When you transcribe the entries below, begin at their first line and stop after the line containing "Rèm trần kéo"; pictures stay out.

Records excerpted from a collection:

⟨

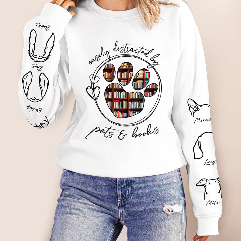 Easily Distracted By Dogs Cats And Books - Birthday, Loving Gift For Dog Lover, Cat Mom, Pet Mum - Personalized Unisex Sweatshirt With Design On Sleeve
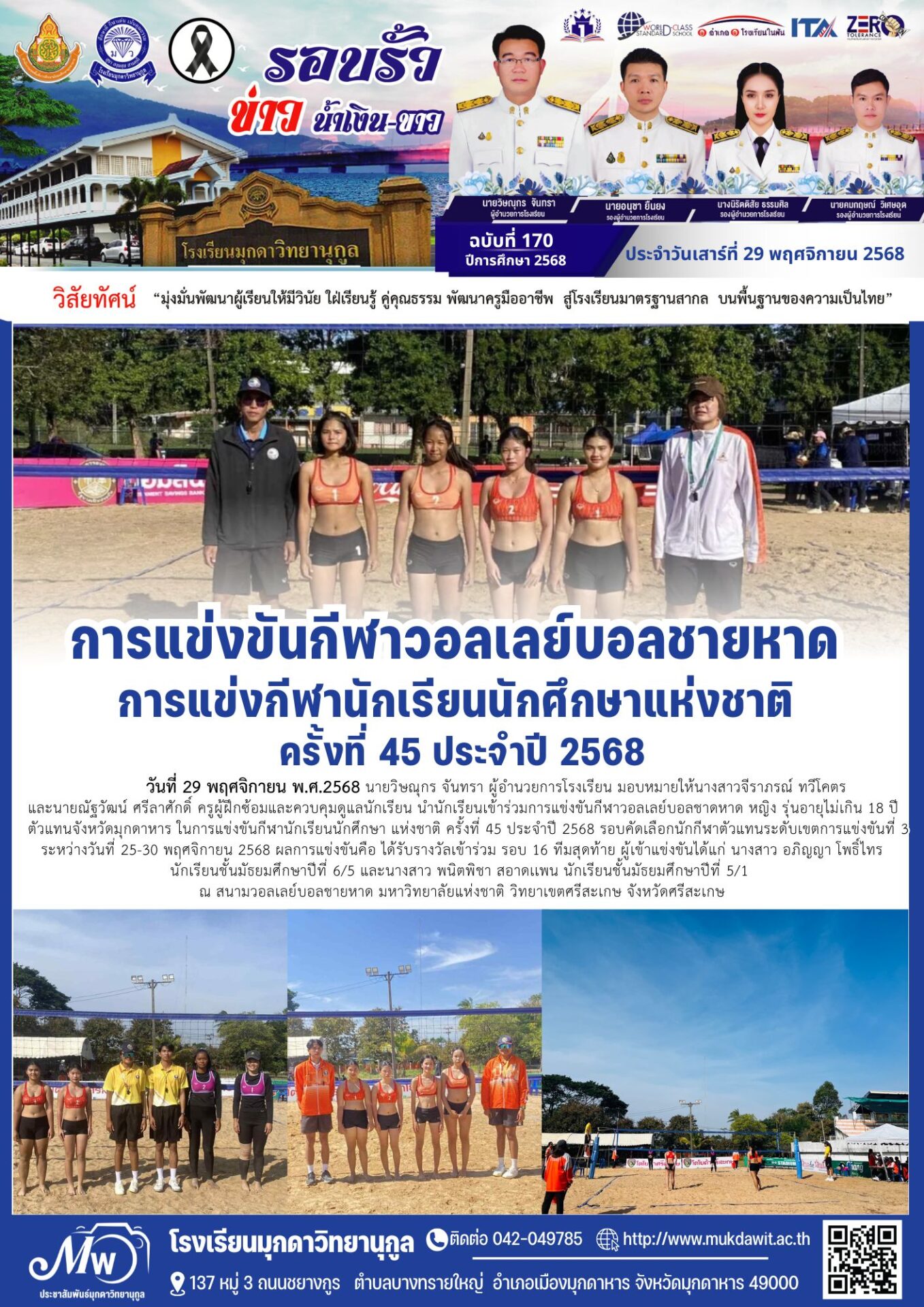 โรงเรียนมุกดาวิทยานุกูล ฉบับที่ 170 วันที่ 29 พฤศจิกายน 2568 / จดหมายข่าวโรงเรียนในสังกัด / By พิมพ์ธิดา อารีรักษ์
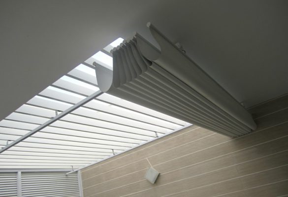 Rèm trần kéo tay dạng xếp ly phù hợp với các không gian giếng trời thấp
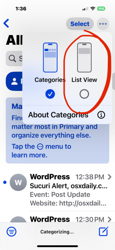 如果您最近在更新到 iOS 18.2 或 iPadOS 18.2 后打开了邮件应用程序,您可能会发现邮件现在默认为邮件“类别”视图,显示不同的邮件类别收件箱; “主要”、“交易”、“更新”和“促销”。据推测,Apple 选择重新设计每个人的收件箱,并在 iPhone 和 iPad 上默认启用“邮件类别”,因为他们认为用户希望重新设计电子邮件应用程序,并且必须采取额外的步骤才能查看所有电子邮件,但“邮件类别”功能已经让许多用户感到沮丧,他们不想摸索新的复杂用户界面,该界面隐藏了许多电子邮件,无法立即查看,更不用说看到他们的电子邮件被分类到类别中,而且经常是错误的。
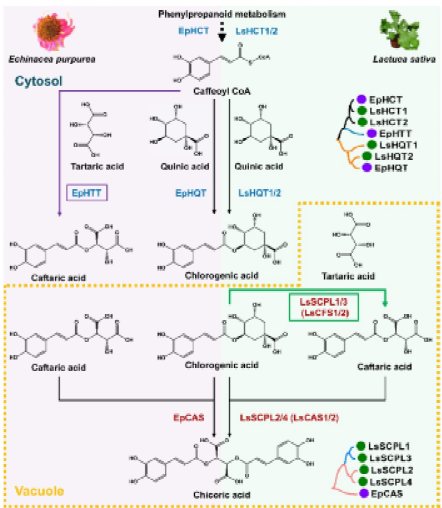 菊苣酸(Chicoric acid)是一种具有抗氧化、抗炎、抗病毒及免疫调节活性的天然次生代谢产物,其在包...

⟩

RESPONSE TO THE EXERCISE:
 Easily Distracted By Dogs Cats And Books - Birthday, Loving Gift For Dog Lover, Cat Mom, Pet Mum - Personalized Unisex Sweatshirt With Design On Sleeve
 โรงเรียนมุกดาวิทยานุกูล ฉบับที่ 170 วันที่ 29 พฤศจิกายน 2568 / จดหมายข่าวโรงเรียนในสังกัด / By พิมพ์ธิดา อารีรักษ์
 Rèm trần kéo tay dạng xếp ly phù hợp với các không gian giếng trời thấp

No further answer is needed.